Inside the North Korean Hacking Operation Behind SWIFT Bank Attacks FireEye details how this money-stealing operation it now calls APT 38 has emerged in the past four years and how it operates.
FIREEYE CYBER DEFENSE SUMMIT – Washington, DC – Researchers at FireEye here today shared details about how a North Korean hacking team they have christened APT 38 has attempted to pilfer $1.1 billion from financial institutions worldwide.
FireEye previously had attributed the game-changer cyberattacks on the SWIFT international interbank messaging system in various banks to a North Korean hacking group it calls TEMP.Hermit, which mostly had conducted cyber espionage attacks against energy and the defense sectors in South Korea and the US.
APT 38's main objectives, however, are financially motivated on behalf of the North Korean government: Since 2015, the hacking team has stolen hundreds of millions of dollars from at least five banks (including Bangladesh Bank and Banco de Chile) and has hacked into 16 organizations in 11 countries in Latin America and Europe, plus the US, for example, according to FireEye.
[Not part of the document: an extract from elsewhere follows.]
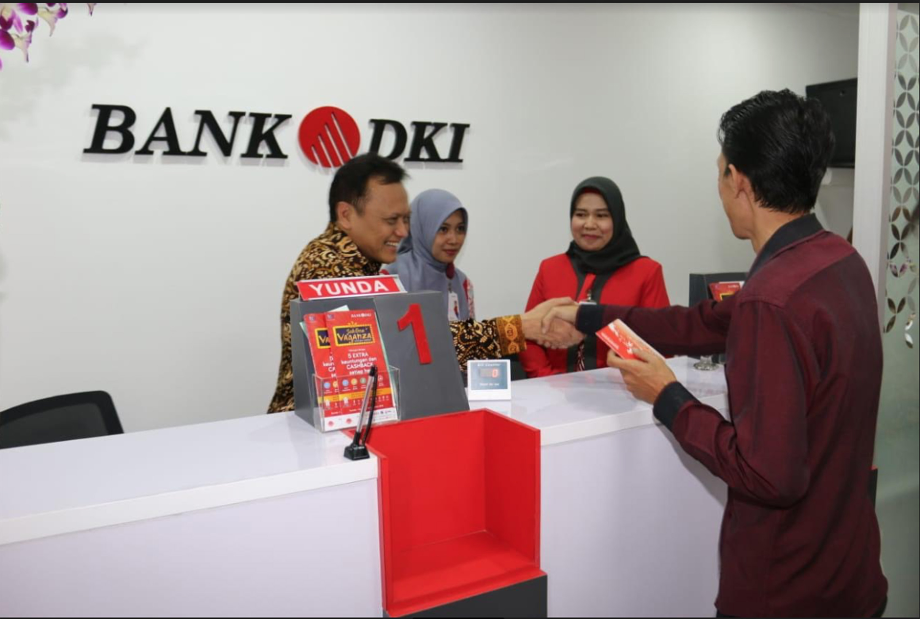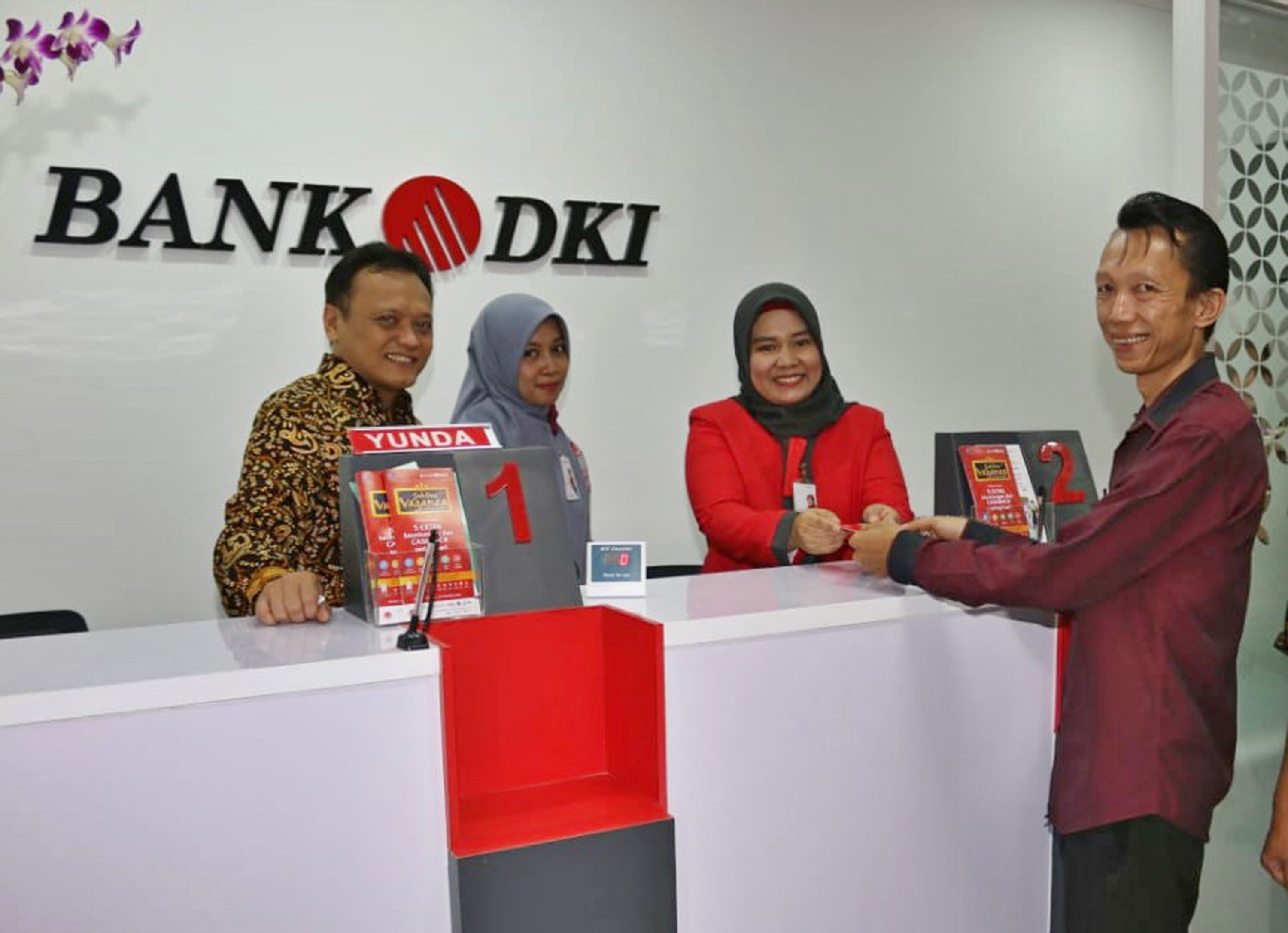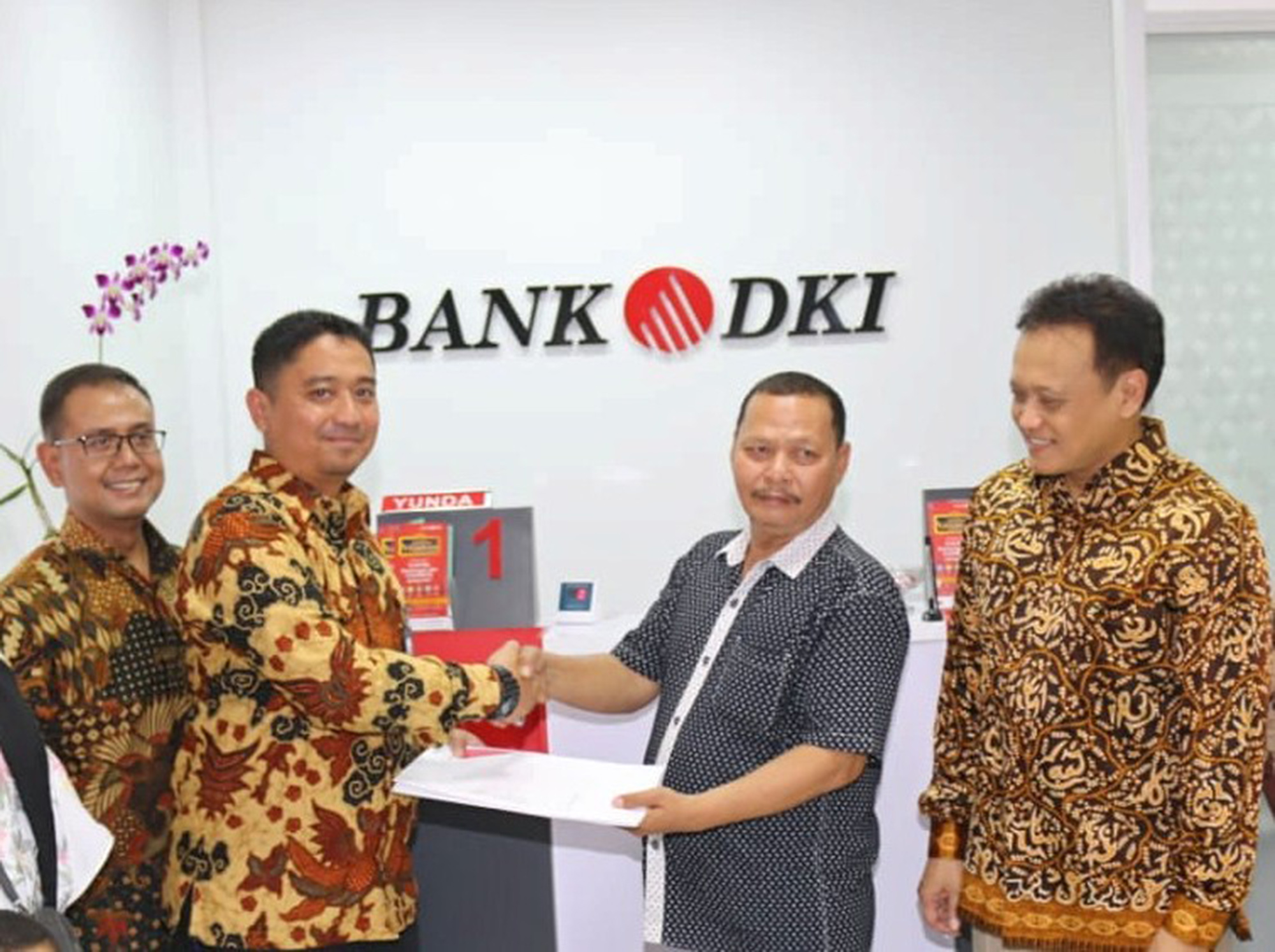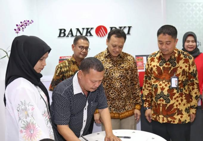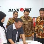 Direktur Teknologi & Operasional Bank DKI, Priagung Suprapto (kedua kanan) menyaksikan penandatanganan perjanjian kredit usai meresmikan pembukaan Kantor Kas Bank DKI, Pasar Baru, Bantar Gebang, Bekasi, Jawa Barat, Kamis (30/8). Pada saat bersamaan, Bank DKI juga melakukan pembukaan Kantor Kas ITC Depok, Kantor Kas PGC Cililitan dan Kantor Kas Pasar Kranggan Mas. Dalam upaya meningkatkan kemudahan warga DKI Jakarta dalam pembayaran pajak daerah, Bank DKI memberikan layanan pembayaran Pajak Bumi & Bangunan/PBB-P2 DKI Jakarta melalui aplikasi layanan keuangan JakOne Mobile. Selain menerima pembayaran PBB, Bank DKI juga dapat menerima pembayaran Pajak Kendaraan Bermotor (PKB) tahunan DKI Jakarta kapan dan dimana saja melalui JakOne Mobile.  AKTUAL/Pool Bank DKI
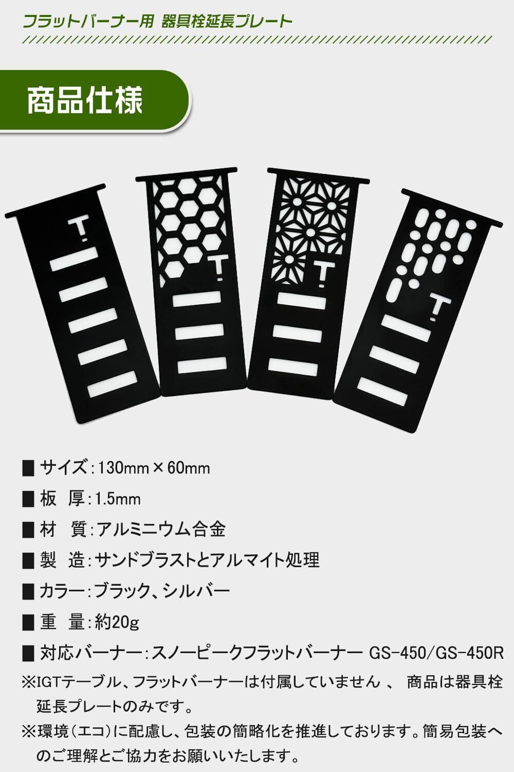 【商品仕様】サイズ:130×60mm、板厚:1.5mm、材質:アルミニウム合金、重量:約20g。対応バーナー:スノーピーク フラットバーナー GS-450/GS-450R。IGTテーブル、フラットバーナーは付属していません 、商品は器具栓延長プレートのみです。*環境(エコ)に配慮し、包装の簡略化を推進しております。簡易包装へのご理解とご協力をお願いいたします

"This is the first time we've seen a cybercrime group essentially funding a regime," said Nalani Fraser, manager of threat intelligence at FireEye, of the North Korean group.
North Korean nation-state hacking teams typically get lumped together under the name Lazarus Group, the group behind the epic breach, doxing, and data-wiping attacks on Sony Pictures Entertainment in 2014 and WannaCry in 2017. It was after the Sony breach that North Korea's hacking machine began to split into different groups, according to FireEye's analysis, and APT 38 began to emerge as an entity. APT 38's rise coincided with financial pressures due to international economic sanctions against North Korea.
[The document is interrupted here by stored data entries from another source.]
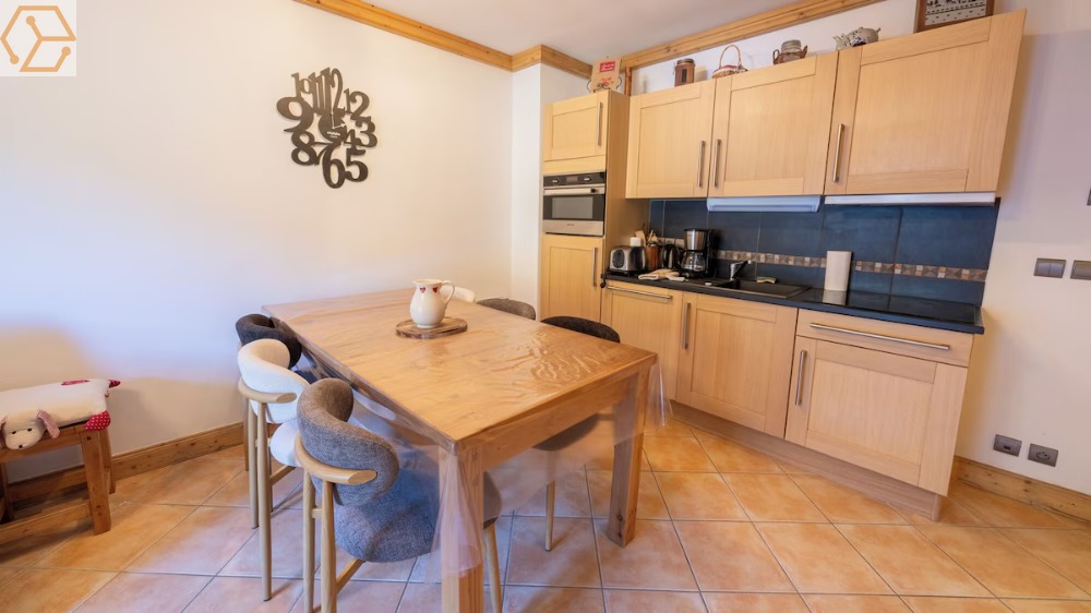 – Une pièce de vie avec cuisine ouverte sur le séjour, terrasse donnant sur l’extérieur et vue imprenable sur le Mont Blanc
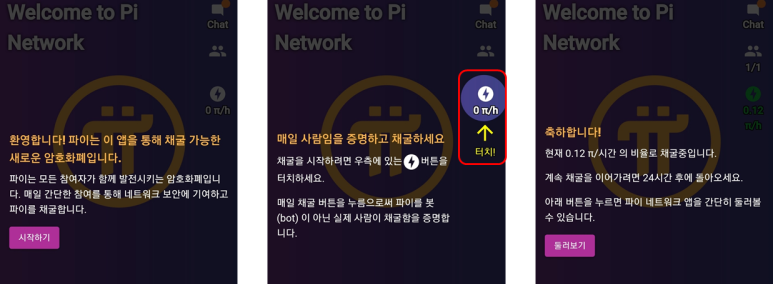 - 24시간에 한번씩 채굴 버튼을 누르면 채굴이 이루어진다. 휴대폰을 꺼놔도 채굴이 되며, 채굴이 휴대전화의 성능에 영향을 미치지 않는다. 그렇기에 사기다.
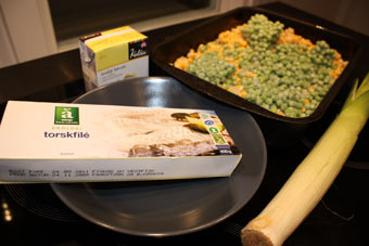 1. Lägg grönsakerna och fisken i en smord ugnsform. Salta och peppra fisken.

But CrowdStrike says it has been tracking this same group since 2016 – under the moniker Stardust Chollima. Adam Meyers, vice president of intelligence at CrowdStrike, says his firm attributed the hacks against the SWIFT system to the North Korean group.
"Stardust Chollima has been associated with numerous financially motivated attacks meant to generate revenue for the North Korean regime. Attacks have included targeting of the international financial system, regional banks in developing economies, and cryptocurrency exchanges and businesses," Meyers says. "These attacks are expected to continue due to the economic impact on the DPRK due to international sanctions."
There's still plenty of overlap among all three of the main North Korean hacking groups, but FireEye researchers say APT 38 stands apart with its specialized custom tools and focus on financial organization operations. APT 38 employs at least 39 toolsets and is known for its deep study of its targets, often remaining inside a target's network for long periods of time before making a move on its data. It's no smash-and-grab operation, said Jacqueline O'Leary, senior threat intelligence analyst at FireEye.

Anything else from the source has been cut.